Jin a un jour imaginé qu'elle était née « comme un poisson partiel », Lidija compare sa propre peau écaillée et brûlée par le soleil à des écailles de poisson, et ils discutent de contes populaires sur les poissons. Je ne sais pas vraiment quoi en penser, sauf que les poissons sont des créatures belles et fragiles qui ont une importance religieuse.

Pour compliquer encore les choses, le fantôme d'une kisaeng, une courtisane coréenne, qui serait morte aux côtés d'un fils aîné très loin dans la lignée de Jin, alors qu'elle n'avait pas été autorisée à se marier. Selon la tradition familiale, cet esprit aurait le pouvoir de détruire les relations. Entre les chapitres, elle raconte à Jin ce qui lui est réellement arrivé, avec de petits jets de sarcasme et de grossièretés. « Oh, c'est comme une queue de dragon, oh, comment vais-je l'insérer ? » elle se moque des vieillards riches qui l'ont emmenée au lit.

« Exposition » est assez courte : à peine plus de 200 pages, et parfois j'aurais souhaité que la kisaeng, aussi pleine d'entrain qu'elle soit, hanterait un autre roman pour que je puisse revenir à ce qui se passait avec Jin et Lidija et Philip et Irv.

Une lectrice anglophone n’a pas besoin d’un dictionnaire coréen à côté du livre, même si elle peut occasionnellement en avoir besoin d’un anglais. Une polémique accusant Jin de blasphème n’est pas jetée à la poubelle mais « évitée ». Après avoir été frappée avec une cravache et forcée de manger des olives et des groseilles sur le sol – « Exhibit » est un festin de divers aliments et boissons – Jin sent sa chair « fleurie ». Kwon étend et arrête le langage jusqu'à ses limites extérieures, comme dans une série de tendus et d'arabesques.

Des morceaux de sa prose pourraient également être arrachés et mis dans un livre de poésie, sans problème.

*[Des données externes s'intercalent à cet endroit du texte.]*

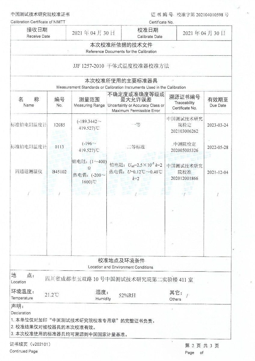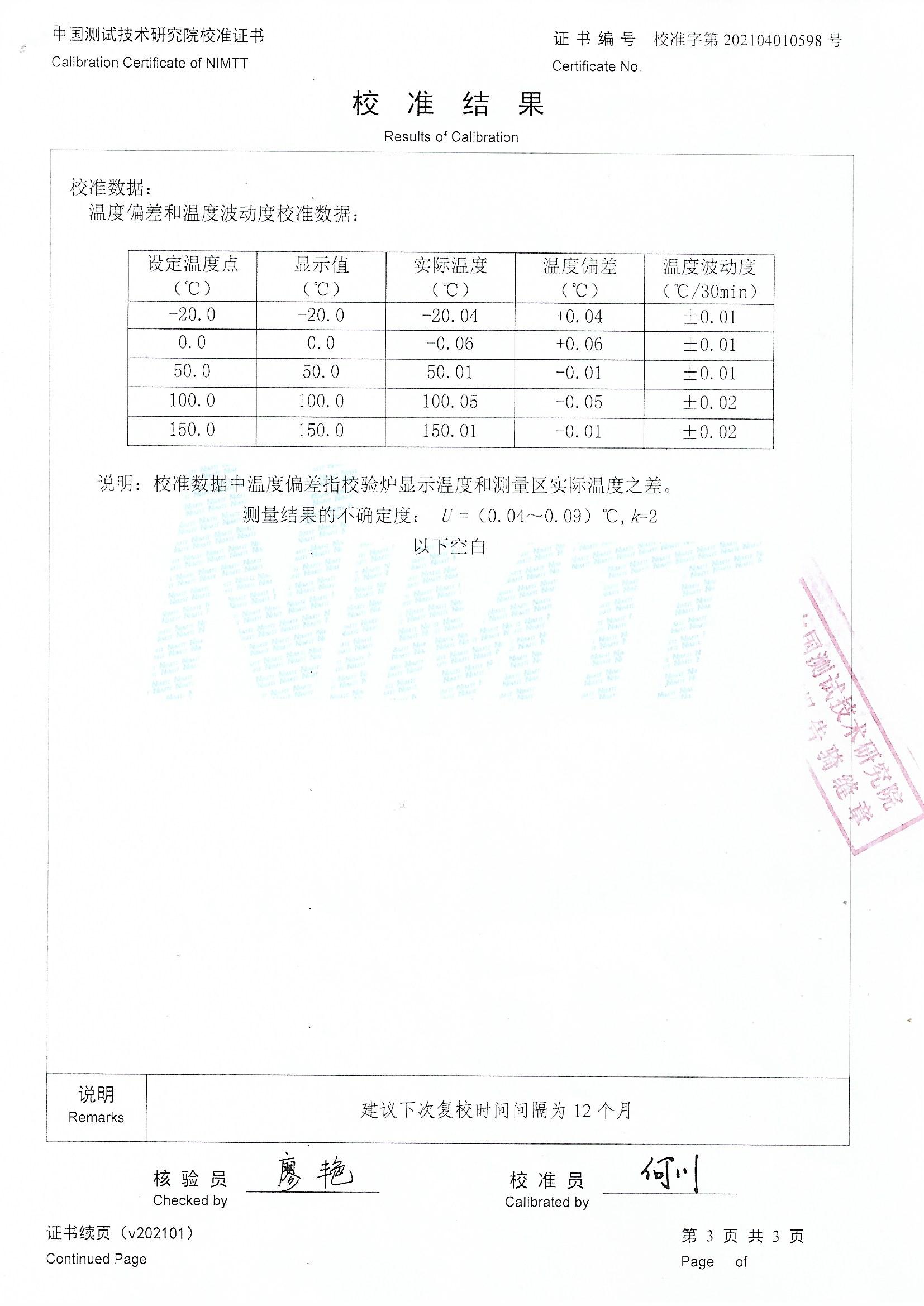 | 上一條:中集安瑞環(huán)科技股份有限公司-制冷恒溫槽 | 下一條:便攜式溫濕度檢定箱(-10-60℃)校準證書(shū) |
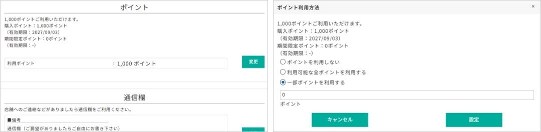 「変更」ボタンよりご利用の有無、使用ポイント数を設定後「設定」ボタンをクリックすることで反映されます。
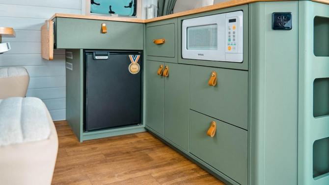 走進車內,旅行家RVLIFE露營版亦是將年輕人的玩樂心理牢牢把握!除了可滿足用戶旅途中各種生活需求的集合50升冰箱、微波爐、飲水機等生活設施的一體式櫥柜以外,旅行家RVLIFE露營版車內還配備了投影娛樂裝備,可供用戶在駐車時擁有私人影院般的娛樂空間。此外,符合人體工程學和使用習性的3+2座椅布局,還具備靈活應變功能。用戶可將第二排座椅變成對向卡座,搭配抽拉式小桌板,營造小型聚餐區(qū);也可將座椅靠背翻折,拼成一張雙人床,打造成可休憩的睡眠區(qū)。
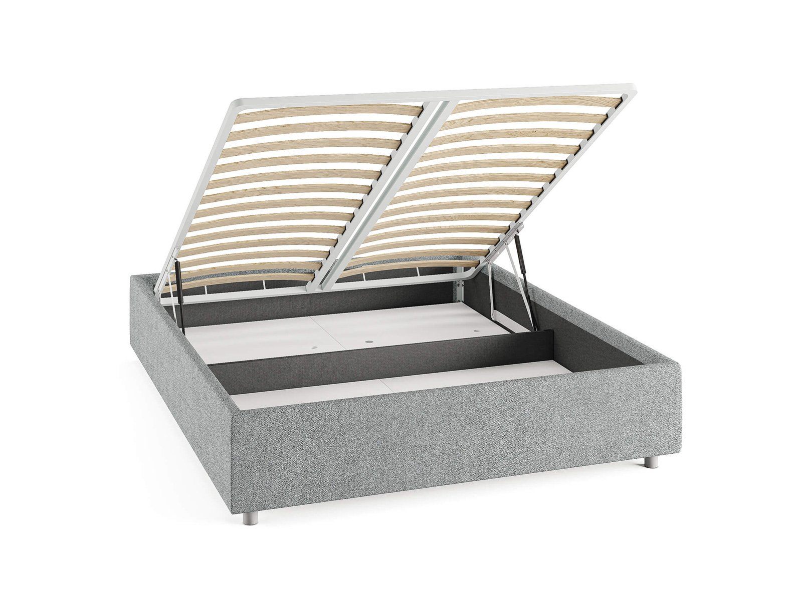 Кровать комплектуется металлическим основанием и подъемным механизмом со вместительным бельевым ящиком. Дно бельевого ящика легко сдвигается для обеспечения уборки под кроватью.
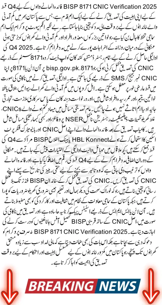 Completing BISP 8171 CNIC verification 2025 is essential to receive the Q4 installment on time. The verification process ensures accurate targeting of funds, protects against fraud, and helps families maintain financial stability. Beneficiaries are encouraged to verify their CNIC as early as possible to avoid delays and access the support they rely on.

Sur la célébrité : « Je savais que c’était des scories de pyrite, une malédiction des guirlandes. » Les nageurs nus sont des « néréides bleues à queue panache ». Autant que les virgules, Kwon privilégie les points-virgules, que Kurt Vonnegut appelle tristement « les hermaphrodites travestis ne représentant absolument rien » ; si tel est le cas, son roman n’est pas seulement une exploration du BDSM dans les relations contemporaines, mais une convention hermaphrodite travestie, à laquelle on est à la fois privilégié et peut-être légèrement perplexe de recevoir un laissez-passer illimité.

« Exposer » est une expérience hautement sensorielle, inondée de pétales et de couleurs, d'odeurs et de saveurs, qui s'ajoute à la littérature sur une tendance très discutée et souvent mal comprise. Il persiste comme une mystérieuse ecchymose multicolore.